Aso Villa occupies a position of reverence in the public consciousness. It is the most fortified, most manned, most guarded, most secured space per square meter in Nigeria. The brigade of guards, which is specifically dedicated to the protection of the seat of power, is commanded by a senior officer not below the rank of Brigadier General. From the police are squadrons from the mobile command, the counterterrorism unit, and the bomb disposal squad among others. The DSS has it’s operatives functioning as presidential bodyguards and involved in managing human traffic in the State House. Intelligence agencies like the Defence Intelligence Agency (DIA) and the National Intelligence Agency (NIA), are on the security architecture of the State House. Apart from these agents of state, individual house owners in the private homes abutting the Villa, have their own security personnel and security surveillance equipment structures.
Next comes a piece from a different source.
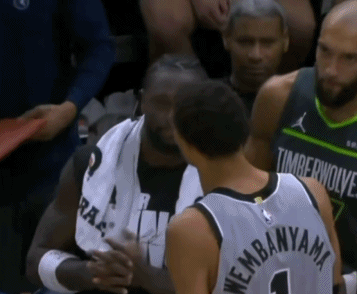 有一个镜头特别有意思,戈贝尔坐在场下看着兰德尔防文班,兰德尔的视线和戈贝尔对上了,仿佛在说:“瞧好了,怎么防这小子,我只教你一次。”

If freelance miscreants can as much as stray into the physical space of residences and offices in close proximity to Aso Villa, therefore, there is genuine cause for worry. With recent insinuations about the feasibility of a putsch, which will be robustly resisted by the generality of Nigerians, with Boko Haram anarchists just an earshot away, this development cannot be dismissed with the wave of a hand. These non-essentials may be “testing the microphones” as a prelude to a much bigger plot.

Security around the nation’s security has never been so lax, so threatened. There is genuine public apprehension about the recent demystification of the seat of power and authority. Government as a matter of utmost urgency, must review its security manual to engender public confidence in its ability to protect the people it swore to safeguard. It will be plain abominable to wake up one day to the news of the occupation of our very own Aso Villa, by vagrants and vagabonds. This is a wakeup call.

Olusunle, PhD, journalist, poet and scholar, is a former presidential aide.